Department of Urology, Hospital Universitario Virgen de la Victoria, Campus Universitario de Teatinos, Málaga, Spain.
Arch Sex Behav. 2012 Aug;41(4):1065-8. doi: 10.1007/s10508-011-9895-1. Epub 2012 Jan 11.
We report a case of a rare congenital malformation, a urogenital sinus cyst in a young patient with non-specific symptoms for several months. A 21-year-old male presented with vague and intermittent abdominal pain. Ultrasound scan showed a retrovesical hypoechoic collection (approximately 6 cm) and left renal agenesis, compatible with a possible congenital malformation. These findings were confirmed by MRI. A laparoscopic excision of the cyst was performed with no complications. Pathology report confirmed a urogenital sinus cyst. The postoperative recovery was uneventful and the patient was discharged within 48 h. Urogenital sinus cysts are rare entities with few cases described in the literature. Imaging techniques such as ultrasound, CT or MRI may help with diagnosis. Therapeutic modalities range from observation to needle aspiration or surgical removal. In our case, we chose a laparoscopic approach to minimize morbidity and achieve an early recovery.

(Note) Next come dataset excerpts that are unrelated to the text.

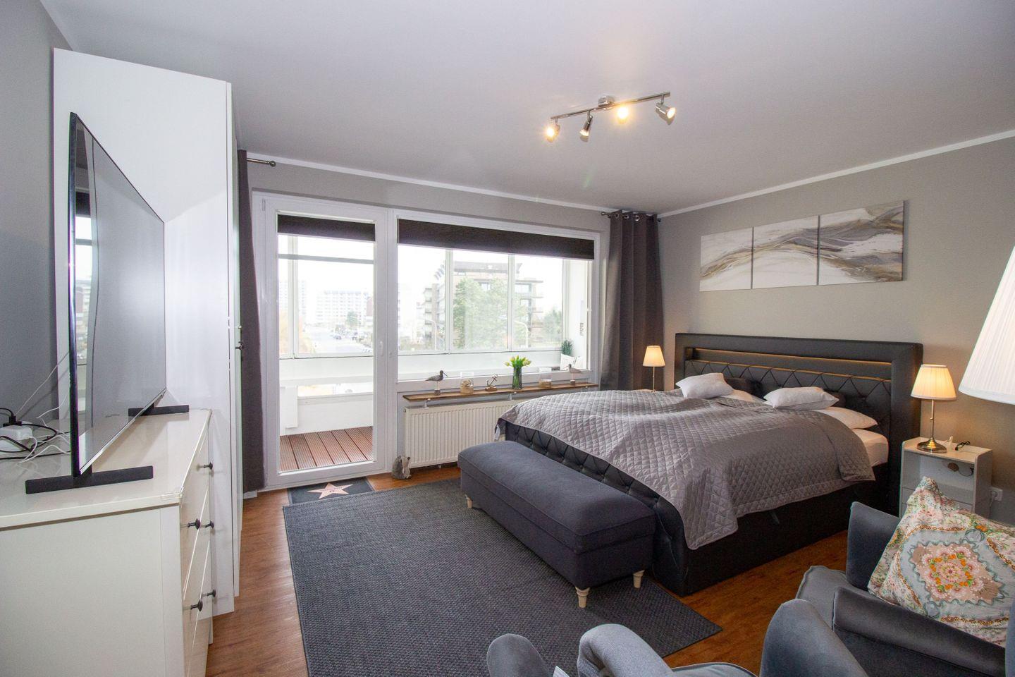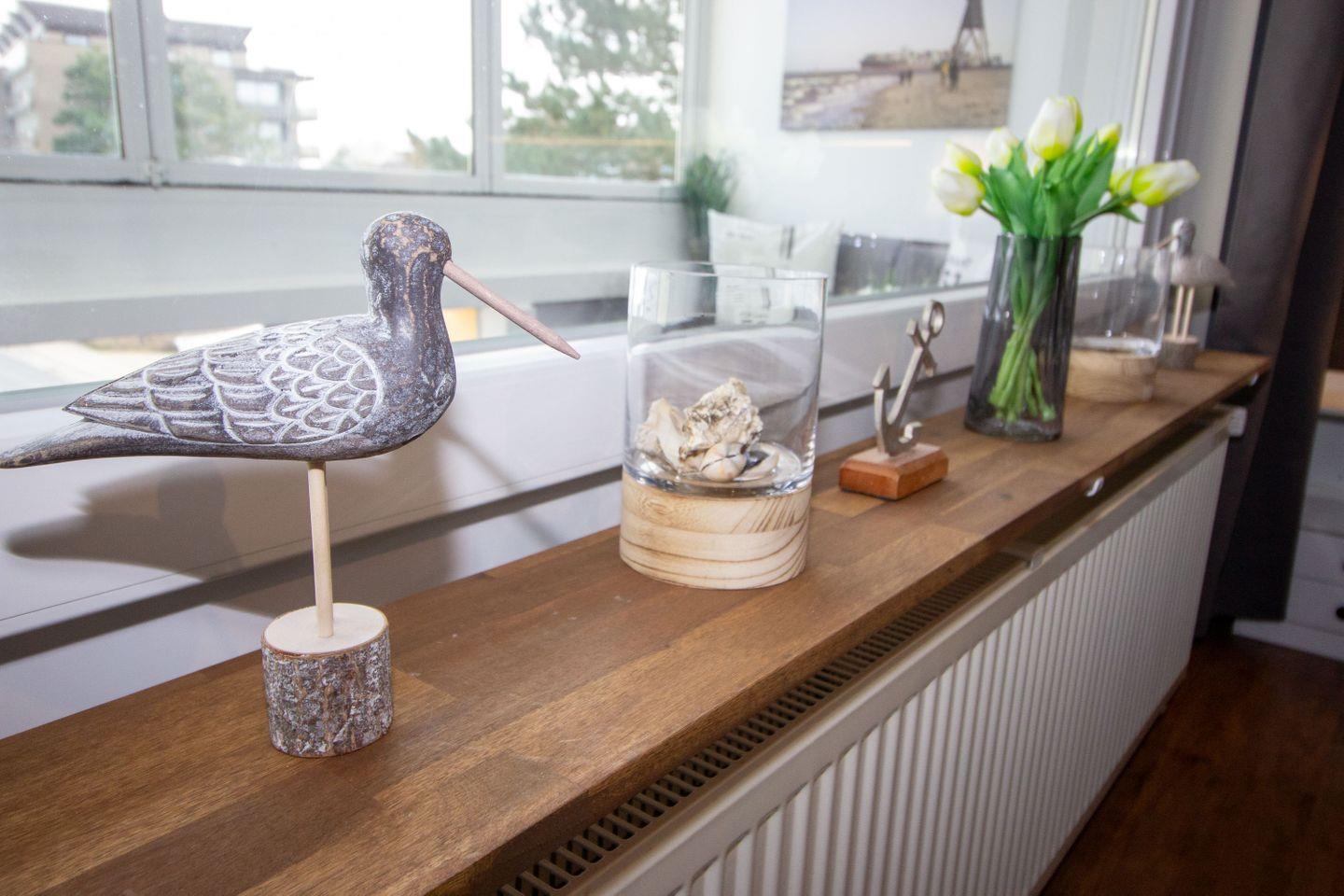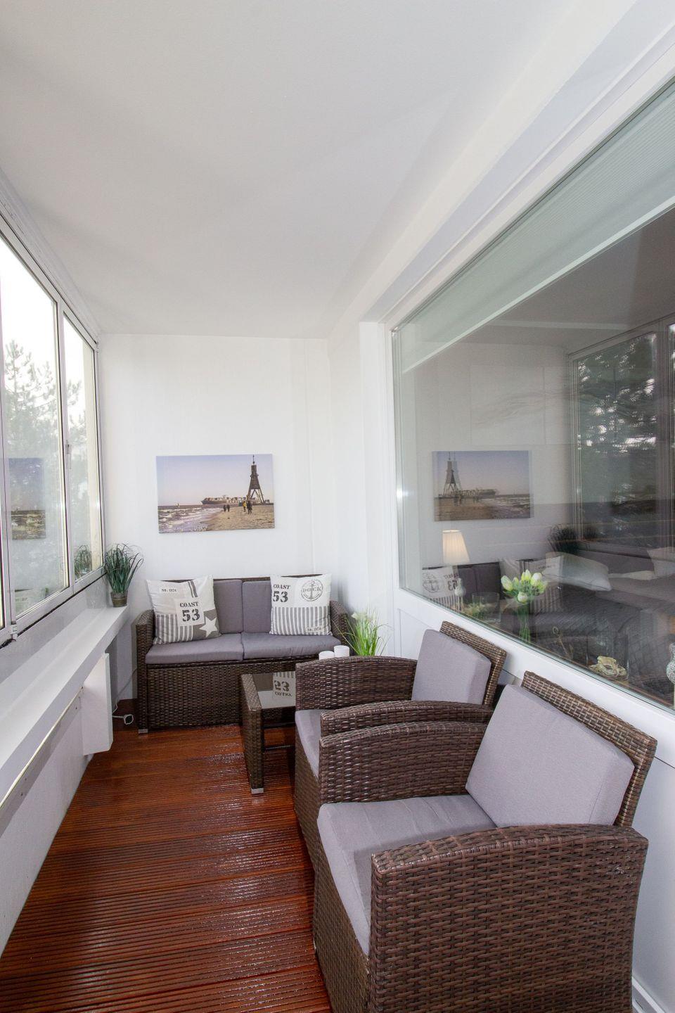 Die Wohnung bietet zudem einen geschlossenen Balkon in ruhiger Wintergarten-Atmosphäre, auf dem Gäste den Tag in bequemen Sitzmöbeln ausklingen lassen können. Bei Bedarf können einzelne Elemente des Balkons geöffnet werden, um frische Luft zu genießen.
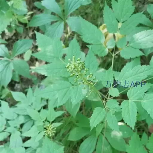 多年生草本。根状茎横走,质坚实,外皮黑褐色,生多数细长的根。茎高30-80厘米,圆柱形,粗4-(6-9)毫米,微具纵稜,下部无毛,中部以上被白色短柔毛,不分枝。叶2-3枚,茎下部的叶为三回三出?鹱锤匆叮叱け灰镀切危泶?27厘米;顶生小叶卵形至宽卵状菱形,长4-8.5厘米,宽3-8厘米,三裂边缘有锐锯齿,侧生小叶卵形至斜卵形,表面近无毛,背面变无毛;叶柄长10-17厘米。茎上部叶的形状似茎下部叶,但较小,具短柄。
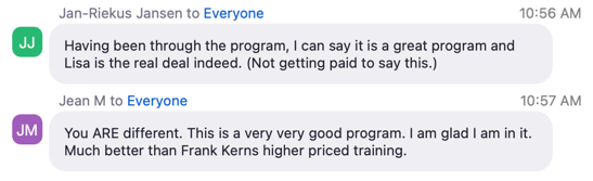 If you grab a VIP Ticket, you get access to the coaches through December 2026 in Lisa’s Executive Virtual Office, where we hold regular masterminds, impromptu training sessions and even virtual pool parties.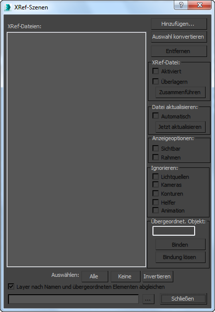 Hier können Sie die Kategorien festlegen, die nicht in die XRef-Szene integriert werden sollen. Wenn Sie hier beispielsweise Lichtquellen aktivieren, werden die Lichtquellen der XRef-Quellszene nicht in die aktuelle Szene, die Zielszene, integriert. Sie können diese Kategorien beliebig aktivieren bzw. deaktivieren. Wenn Sie jedoch eine XRef-Szene zusammenführen, wenn eine Kategorie deaktiviert ist, wird diese Objektkategorie nicht in der Szene zusammengeführt.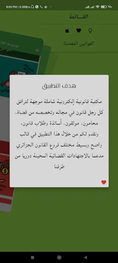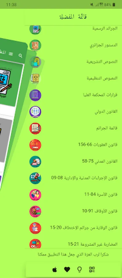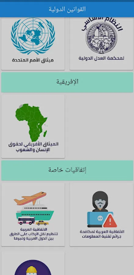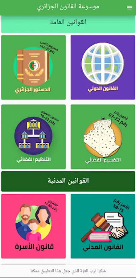 We present this application in a clear and simple template that covers the various branches of Algerian law, and supports them with jurisprudence periodically updated by us. The application contains Algerian laws with their latest amendment, and includes international laws such as charters, agreements, and others.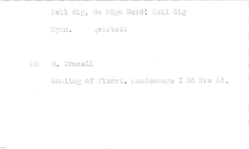 //// hell dig, du höga Nord: Hell dig Hymn. ,yartett //// Lk B. Orusell //// Samling af flerst. Landssange 1 Bd N:o 64. ////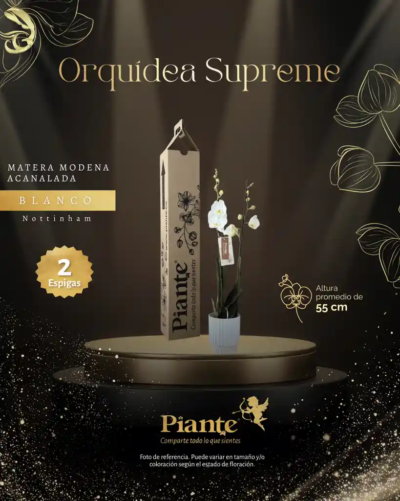 Nuestra Orquídea Supreme es una planta de categoría superior, seleccionada cuidadosamente por su excelente desarrollo, calidad floral y presentación impecable. Es ideal para quienes buscan una opción sofisticada y de alto impacto visual en decoración natural. Se presenta en una matera de cerámica blanca acanalada , un diseño elegante y atemporal que aporta luminosidad, armonía y estilo a cualquier espacio. Su acabado acanalado realza la textura y convierte esta presentación en una pieza decorativa versátil, perfecta para ambientes modernos, clásicos o minimalistas. Esta combinación logra un equilibrio ideal entre naturaleza y diseño, convirtiéndola en una excelente opción para el hogar, la oficina o como regalo especial.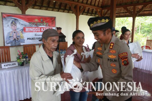 Karangasem , Surya Indonesia.net – Kapolres Karangasem, AKBP I Nengah Sadiarta, S.I.K., S.H., M.K.P., memimpin kegiatan Minggu Kasih di Dusun Tanah Ampo, Desa Jungutan, Kecamatan Bebandem, Kabupaten Karangasem, Minggu (11/8/2024). Kegiatan ini merupakan wujud kepedulian Polri kepada masyarakat, khususnya dalam hal kesejahteraan.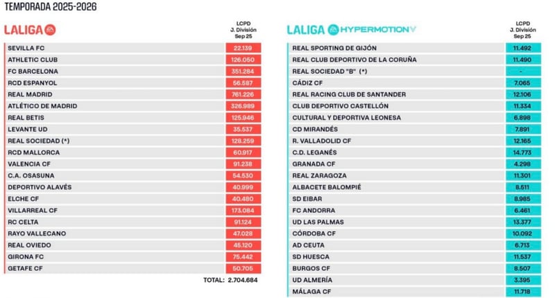 Esta mañana, LaLiga, por medio de un acto telemático, ha anunciado los límites de coste de plantilla deportiva (LCPD) para todos los clubes de Primera y Segunda división. Dicho límite establece lo que un club se puede gastar en jugadores, primer entrenador, segundo entrenador y preparador físico del primer equipo y cantera y otras secciones.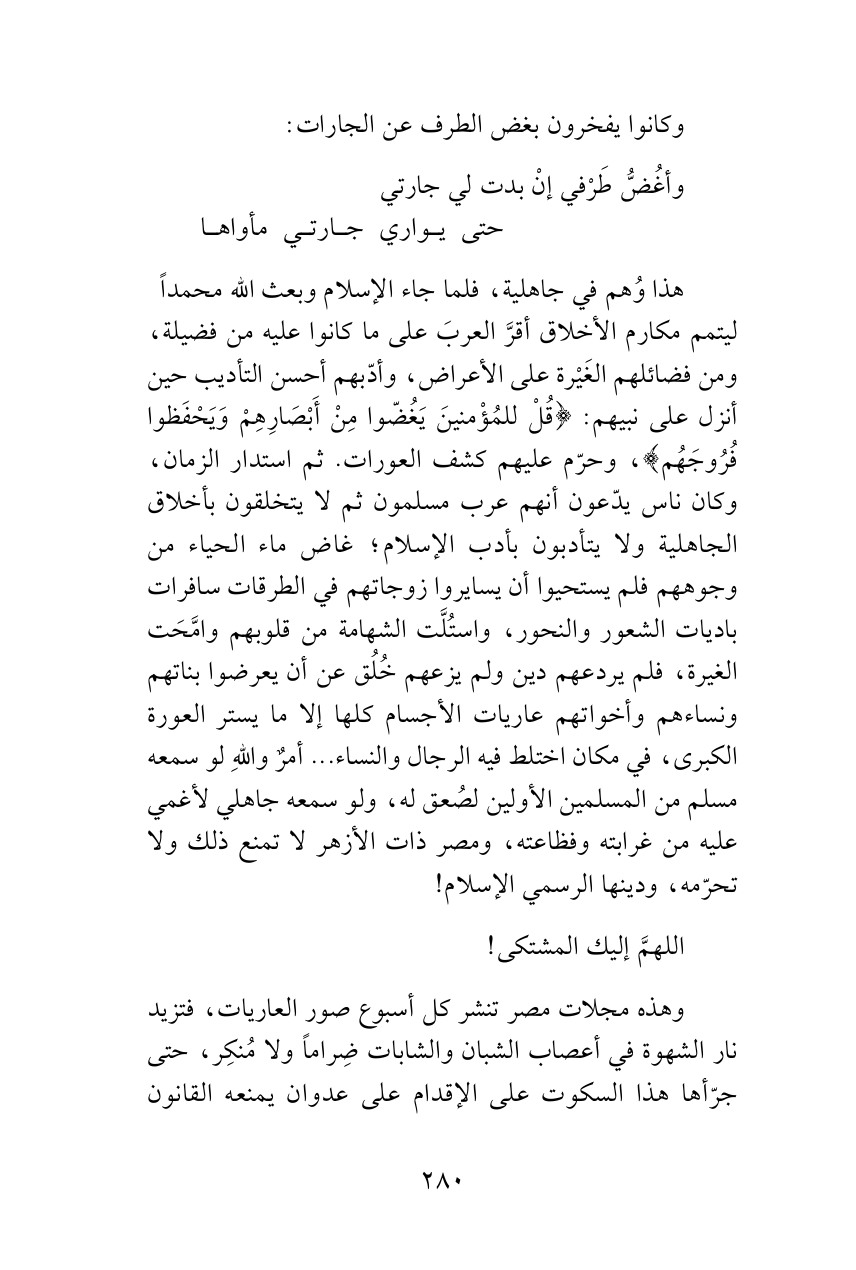 هذا وُهم في جاهلية، فلما جاء الإسلام وبعث الله محمداً صلى الله عليه وسلم ليتمم مكارم الأخلاق أقرَّ العربَ على ما كانوا عليه من فضيلة، ومن فضائلهم الغَيْرة على الأعراض، وأدّبهم أحسن التأديب حين أنزل على نبيهم: {قُلْ للمُؤْمنينَ يَغُضّوا مِنْ أَبْصَارِهِمْ وَيَحْفَظوا فُرُوجَهُم}، وحرّم عليهم كشف العورات. ثم استدار الزمان، وكان ناس يدّعون أنهم عرب مسلمون ثم لا يتخلقون بأخلاق الجاهلية ولا يتأدبون بأدب الإسلام؛ غاض ماء الحياء من وجوههم فلم يستحيوا أن يسايروا زوجاتهم في الطرقات سافرات باديات الشعور والنحور، واستُلَّت الشهامة من قلوبهم وامَّحَت الغيرة، فلم يردعهم دين ولم يزعهم خُلُق عن أن يعرضوا بناتهم ونساءهم وأخواتهم عاريات الأجسام كلها إلا ما يستر العورة الكبرى، في مكان اختلط فيه الرجال والنساء ... أمرٌ واللهِ لو سمعه مسلم من المسلمين الأولين لصُعق له، ولو سمعه جاهلي لأغمي عليه من غرابته وفظاعته، ومصر ذات الأزهر لا تمنع ذلك ولا تحرّمه، ودينها الرسمي الإسلام!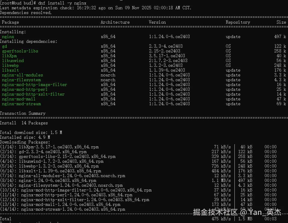 | Web服务器(nginx) | dnf install -y nginx | 1:1.24.0-6.oe2403(update仓库) | 约3秒 | 自动解析13个依赖包,下载1.5M,安装4.9M |

我们报告了一例罕见的先天性畸形病例,一名年轻患者患有几个月的非特异性症状的泌尿生殖窦囊肿。一名 21 岁男性因模糊和间歇性腹痛就诊。超声扫描显示一个位于膀胱后方的低回声包块(约 6 厘米)和左肾缺如,提示可能存在先天性畸形。这些发现通过 MRI 得到了证实。患者接受了腹腔镜下囊肿切除术,无并发症发生。病理报告证实为泌尿生殖窦囊肿。术后恢复顺利,患者在 48 小时内出院。泌尿生殖窦囊肿是一种罕见的实体,文献中仅有少数病例描述。超声、CT 或 MRI 等影像学技术有助于诊断。治疗方式包括观察、经皮穿刺抽吸或手术切除。在我们的病例中,我们选择了腹腔镜方法,以尽量减少发病率并实现早期康复。